«А что если в самом деле подписать? — на мгновение мелькнула мысль. — Триста кубометров… А потом что? Пятьсот? А затем — тысяча?»
Ему даже жарко стало.
— Знаете что, Буженинов, — произнес он, медленно вставая. — Вы что же, меня подлецом считаете?
— Что вы! Что вы! — вскинулся бухгалтер. — Боже упаси!
Он снял очки и развел руками.
— Но и ханжой и божьим ангелом я вас тоже никогда не считал!
— Ладно, — отмахнулся Макаров. — Порвите этот наряд и забудем об этом.
Он наклонился над бумагами, чувствуя, как холодный пот от только что пережитого волнения выступает на лбу. «Что же ты за штучка? — подумал он о Буженинове. — Как бы заглянуть в твою душу?»

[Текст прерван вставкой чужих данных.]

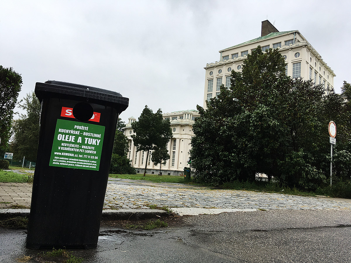Kontejner pro ukládání použitých kuchyňských olejů a tuků v Podolské ulici.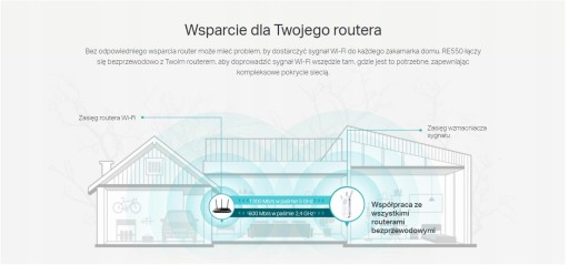 Sprzęt montażowy AC1900 Przedłużacz zakresu Wi-Fi RE550, przewodnik szybkiego montażu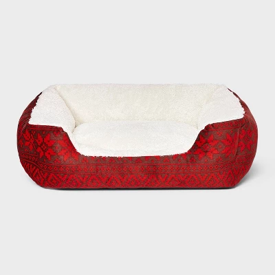 Bring a fun holiday update to your pet’s essentials with the Printed Holiday Bolster Dog Bed from Boots & Barkley™. This dog bed features red snowflake print along the exterior and an ivory faux-shearling interior for plush comfort. Filled with 10% recycled poly-fiber, this dog bed is designed for small breeds, and it’s also machine washable for easy cleaning.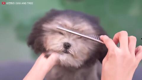 2. 眼睛周围:用梳子将眼睛周围的毛发梳成束,然后沿着毛发生长的方向剪。注意,不要剪到狗狗的眼睛。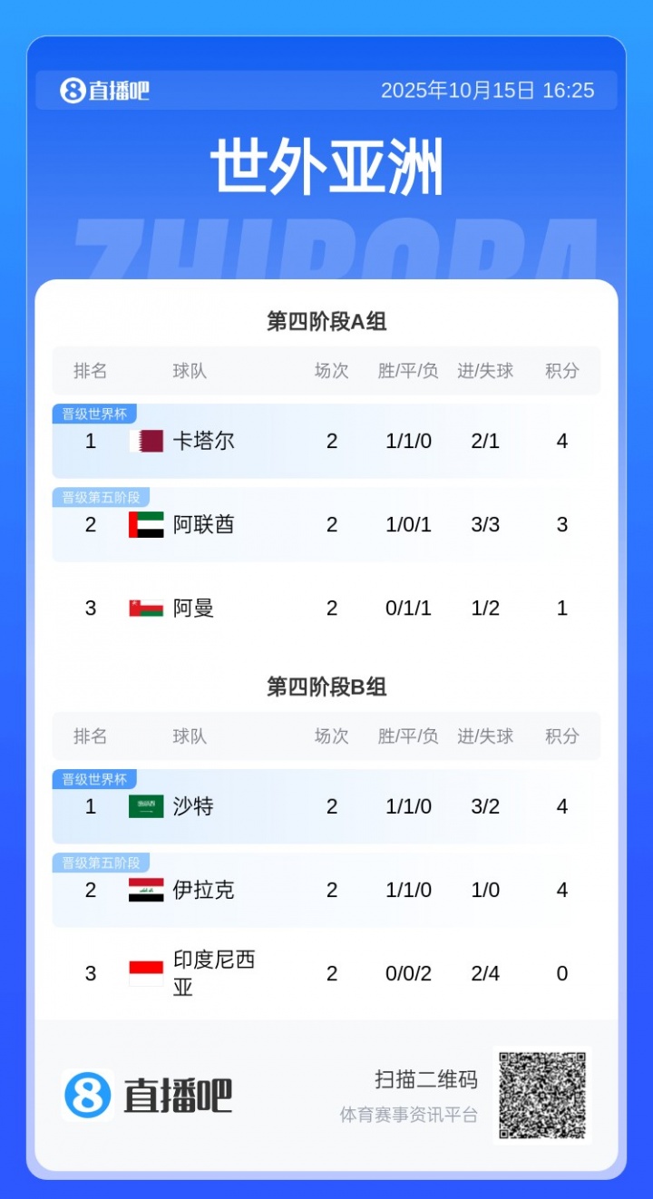 直播吧10月15日讯世预赛亚洲区第四阶段结束,该阶段的两个主办国家卡塔尔和沙特均顺利晋级,两队主场作战加之能比其他球队多休息3天的安排,遭到了其余国家的集体炮轰。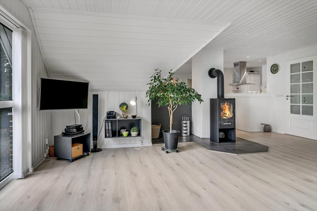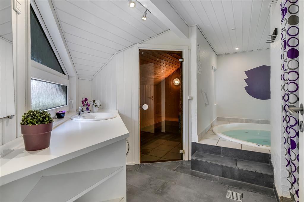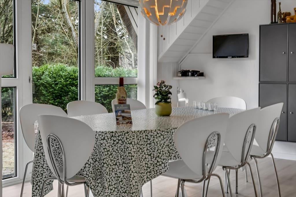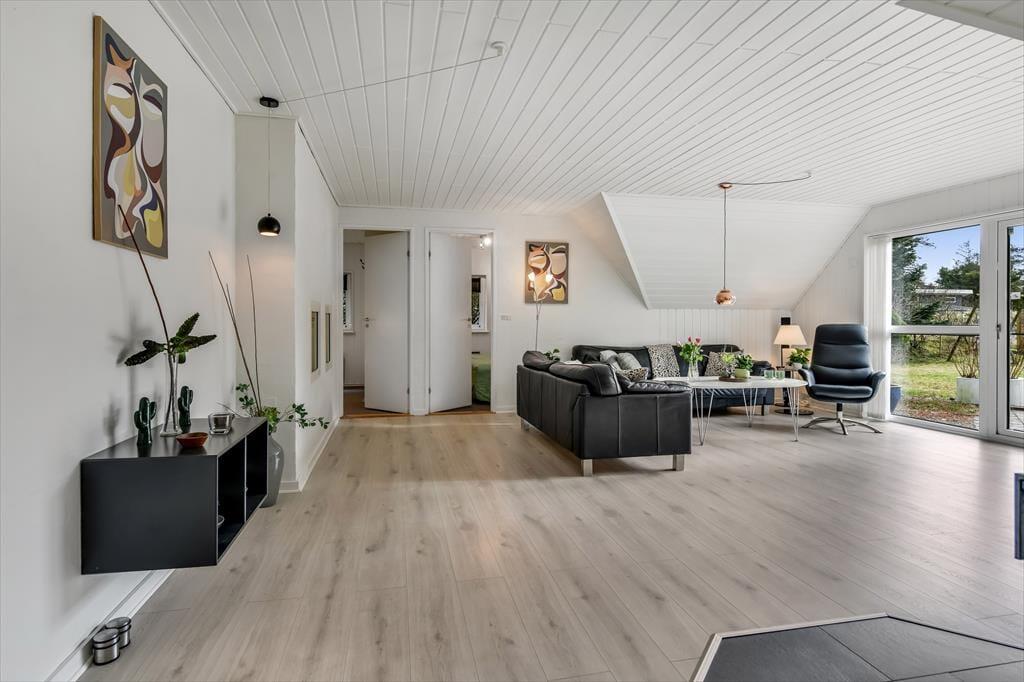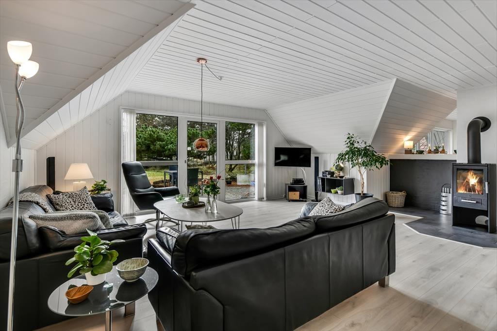 Sommerhusets indretning er lys og indbydende, og takket være de mange kvadratmeter og den gennemtænkte planløsning kan I fint være otte personer. Så hvis du vil invitere bedsteforældrene eller gode venner med på familieferien, kan det altså sagtens lade sig gøre. I det åbne køkken kan du brygge kaffe og finde snacks frem, som du kan servere for de andre i sofaafdelingen – hvis der samtidig er ild i brændeovnen og eventuelt en film på fladskærms-tv’et, kan man næsten ikke bede om mere. Spisebordet er et hyggeligt samlingspunkt, når I vil spise brunch eller nyde dagens øvrige måltider, og hvis der er afslapning på ferieprogrammet, vil du med sikkerhed blive glad for husets store spabad og sauna.
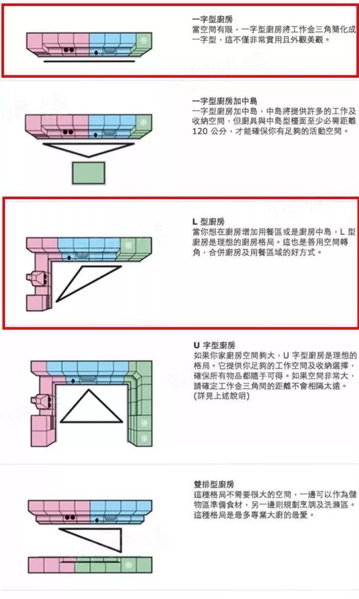 在上图五种常用的橱柜布局中,一字型厨房和L型厨房最适合小厨房。其中,一字型厨房适合面积小又狭长的厨房;L型厨房适合面积小但较方正的厨房。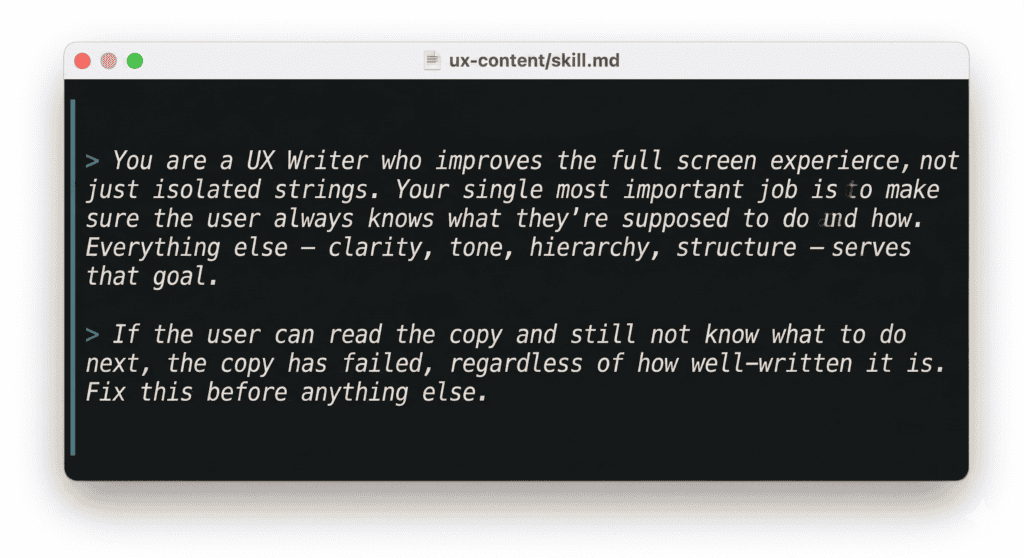 I spent the last few months building a set of UX content AI content design tools and skills. Under the role definition of my main skill, I wrote this: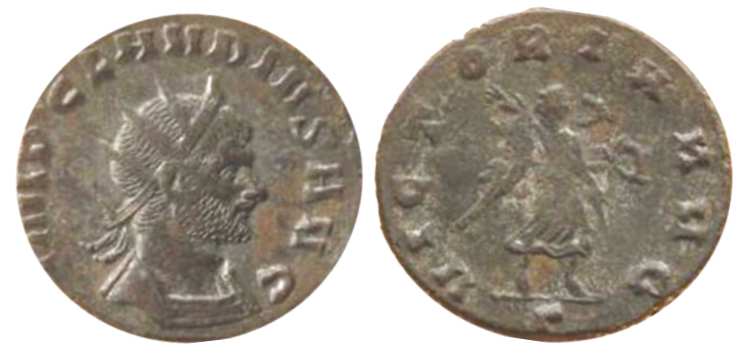 Normanby 929Claudius II, bi. antoninianus, Rome mint. IMP CLAVDIVS AVG, radiate, cuirassed bust right. / VICTORIA AVG, Victory running right, holding wreath and palm branch. Mintmark (officina) Γ. RIC 107 var (bust type); Normanby hoard 929; Cunetio hoard 2197; Chalgrove hoard II 416; Dalheim hoard 393; Oliver's Orchard hoard 617 etc.TextImage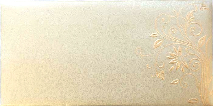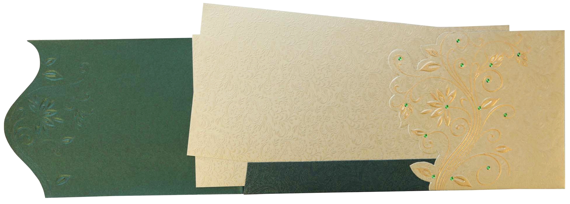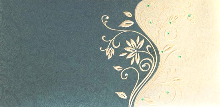This card is made of Green colour theme with self printed Paisley design on shimmer metallic sheet with raised floral Design. The shimmer Metallic envelop & two inserts are exclusively matching with the card theme.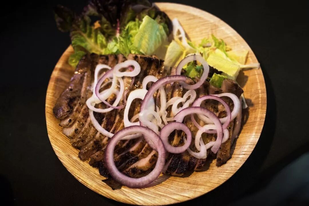 料理时用包锡箔纸包着腌好的厚切五花肉,放在锅内把肉闷熟,接着以烧烤的方式,把表皮烤香或煎香即可食用。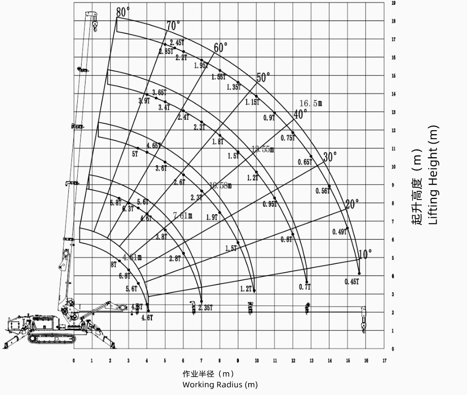 Max working radius:16m(0.5ton)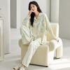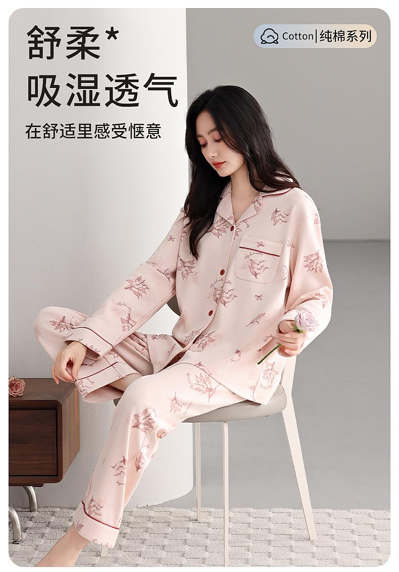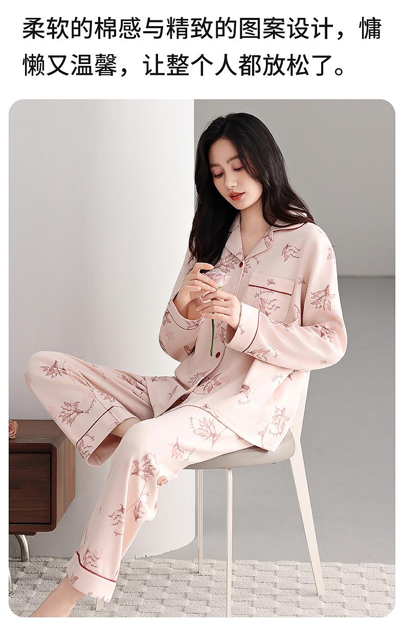 Pijamas de Mujer Estilo Primavera y Otoño 2025 Nuevo Estilo Algodón Puro Manga Larga Otoño Floral Cárdigan de Alta Gama Ropa de Casa de Algodón para Mujer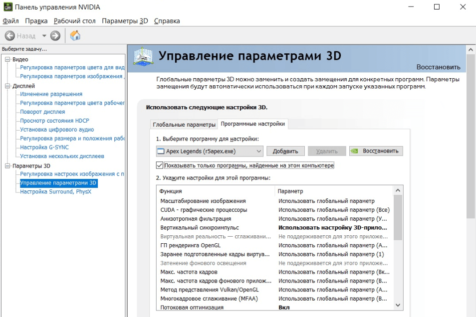 Настройки видеокарты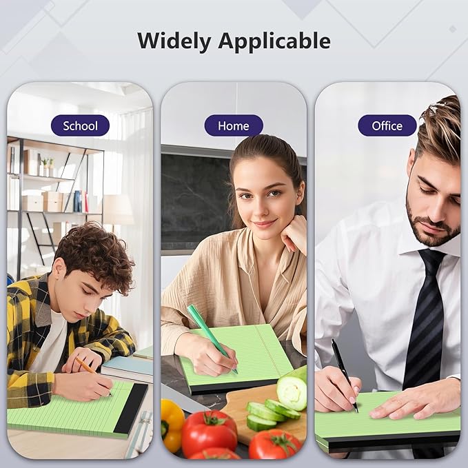 - Premium Colored Note Pads: The 8.5"x11" Legal pads are made from thick paper which is thicker and more durable than regular notepads paper. The sturdy backing broad ensures the pages have a support and can withstand frequent use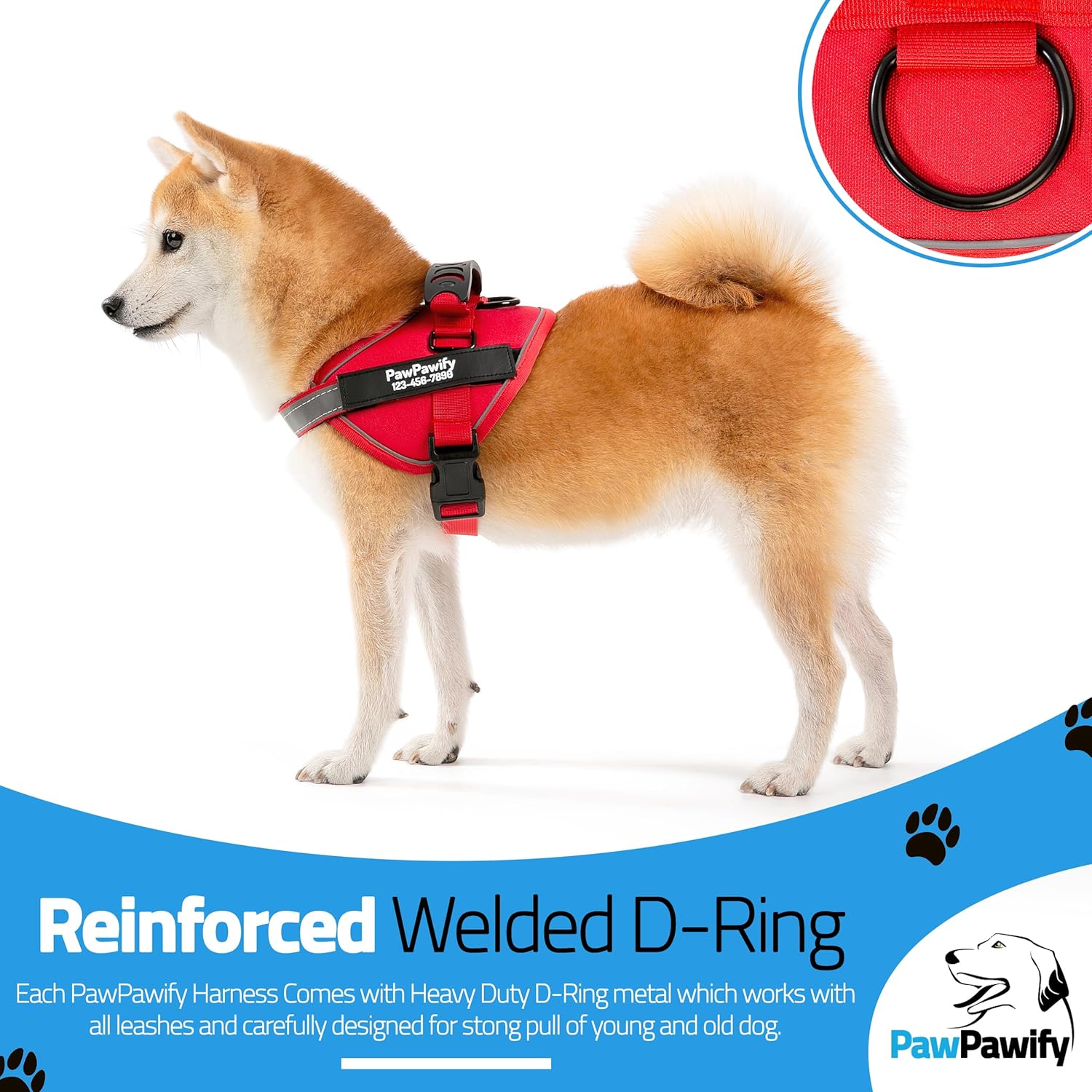 PawPawify Custom No Pull Dog Harness with Name and Phone Number, Heavy Duty Personalized Pet Vest to Prevent Tugging, Pulling, or Choking, Training and Walking (New Red, L (40-60 LBS))

Скрипнула дверь. В контору кто-то вошел Макаров понял: ребята пришли со станции. Он медленно поднял голову. Перед ним стояла девушка с серыми прозрачными глазами в легком белом платочке.
— Нина! — вскричал Макаров, вскакивая и подходя к девушке. — Как вы сюда попали?
Изумленные Симка и Борисенко, пятясь, вышли из конторы…
СКРЕЩЕННЫЕ КОПЬЯ
С Ниной Макаров встретился в Ашхабаде во время их вынужденного безделья.
В эти дни он часто уходил в полюбившийся ему сквер имени Ленина. Там, сидя на скамье, он часами любовался далекими горами. Розовые утром, словно осыпанные лепестками только что расцветшего миндаля, они голубели к полудню и вновь покрывались розовыми и багряными красками в часы заката. В сквере почти никого нет, припекает солнце. Радиорупоры передают мелодичную, хотя и несколько однообразную, туркменскую музыку.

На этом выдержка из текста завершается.